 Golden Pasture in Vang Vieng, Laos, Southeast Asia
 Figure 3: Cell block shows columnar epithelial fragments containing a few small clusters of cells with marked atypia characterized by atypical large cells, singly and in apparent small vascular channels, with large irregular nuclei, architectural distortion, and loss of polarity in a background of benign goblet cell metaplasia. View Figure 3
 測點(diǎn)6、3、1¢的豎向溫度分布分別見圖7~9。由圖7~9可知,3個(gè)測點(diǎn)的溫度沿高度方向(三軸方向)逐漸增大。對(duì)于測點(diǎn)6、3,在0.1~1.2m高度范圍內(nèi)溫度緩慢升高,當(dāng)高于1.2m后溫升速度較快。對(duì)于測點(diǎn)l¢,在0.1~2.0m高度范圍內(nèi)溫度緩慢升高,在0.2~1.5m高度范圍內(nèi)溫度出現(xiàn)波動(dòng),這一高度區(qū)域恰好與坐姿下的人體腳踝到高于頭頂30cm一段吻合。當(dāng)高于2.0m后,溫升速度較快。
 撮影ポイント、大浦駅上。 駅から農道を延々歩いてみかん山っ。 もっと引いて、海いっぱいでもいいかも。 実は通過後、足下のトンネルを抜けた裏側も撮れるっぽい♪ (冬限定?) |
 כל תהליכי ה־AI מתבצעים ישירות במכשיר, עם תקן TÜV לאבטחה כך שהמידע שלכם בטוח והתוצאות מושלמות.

########################################

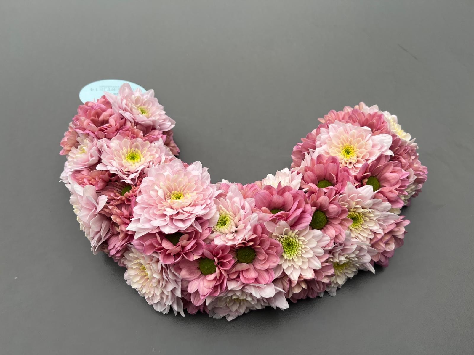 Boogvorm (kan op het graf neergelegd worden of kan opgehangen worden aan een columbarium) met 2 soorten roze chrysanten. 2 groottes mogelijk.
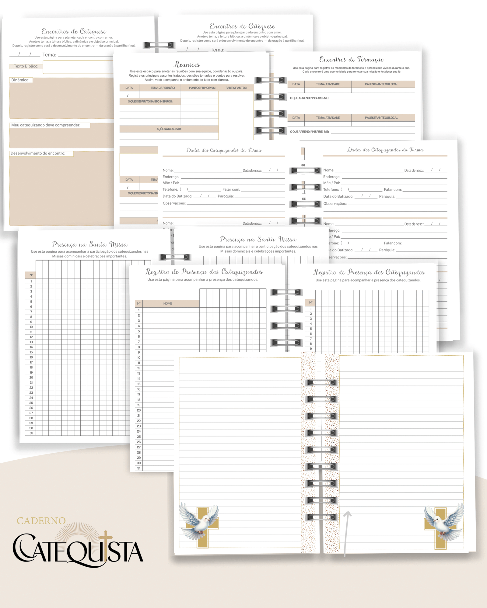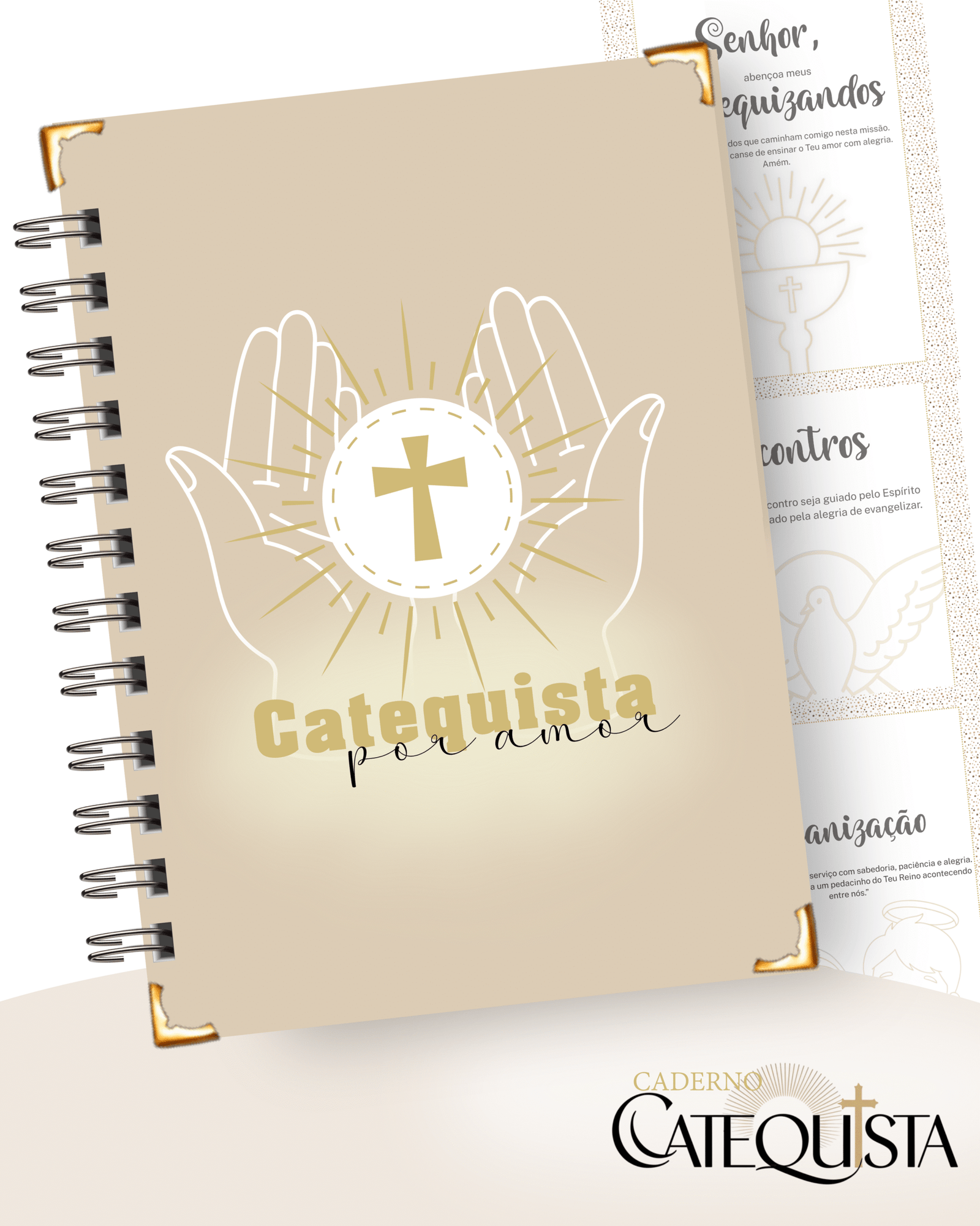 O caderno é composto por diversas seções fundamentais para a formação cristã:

########################################

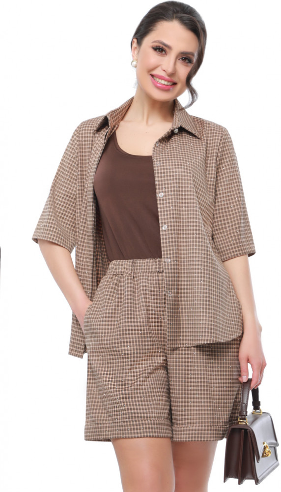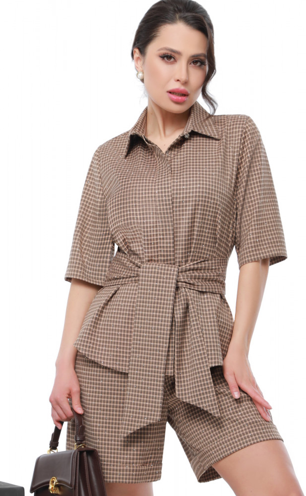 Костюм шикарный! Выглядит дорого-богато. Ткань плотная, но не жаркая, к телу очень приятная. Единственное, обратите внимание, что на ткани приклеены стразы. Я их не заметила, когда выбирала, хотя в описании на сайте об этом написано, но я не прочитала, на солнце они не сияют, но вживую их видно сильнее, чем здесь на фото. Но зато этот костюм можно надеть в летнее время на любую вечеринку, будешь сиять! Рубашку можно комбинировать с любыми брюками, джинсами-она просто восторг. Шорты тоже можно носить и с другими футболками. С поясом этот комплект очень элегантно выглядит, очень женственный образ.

########################################

Output the lines above exactly, but only those between the line holding "Golden Pasture in" and the line holding "כל תהליכי ה־AI", inclusive.

Task result:
 Golden Pasture in Vang Vieng, Laos, Southeast Asia
 Figure 3: Cell block shows columnar epithelial fragments containing a few small clusters of cells with marked atypia characterized by atypical large cells, singly and in apparent small vascular channels, with large irregular nuclei, architectural distortion, and loss of polarity in a background of benign goblet cell metaplasia. View Figure 3
 測點(diǎn)6、3、1¢的豎向溫度分布分別見圖7~9。由圖7~9可知,3個(gè)測點(diǎn)的溫度沿高度方向(三軸方向)逐漸增大。對(duì)于測點(diǎn)6、3,在0.1~1.2m高度范圍內(nèi)溫度緩慢升高,當(dāng)高于1.2m后溫升速度較快。對(duì)于測點(diǎn)l¢,在0.1~2.0m高度范圍內(nèi)溫度緩慢升高,在0.2~1.5m高度范圍內(nèi)溫度出現(xiàn)波動(dòng),這一高度區(qū)域恰好與坐姿下的人體腳踝到高于頭頂30cm一段吻合。當(dāng)高于2.0m后,溫升速度較快。
 撮影ポイント、大浦駅上。 駅から農道を延々歩いてみかん山っ。 もっと引いて、海いっぱいでもいいかも。 実は通過後、足下のトンネルを抜けた裏側も撮れるっぽい♪ (冬限定?) |
 כל תהליכי ה־AI מתבצעים ישירות במכשיר, עם תקן TÜV לאבטחה כך שהמידע שלכם בטוח והתוצאות מושלמות.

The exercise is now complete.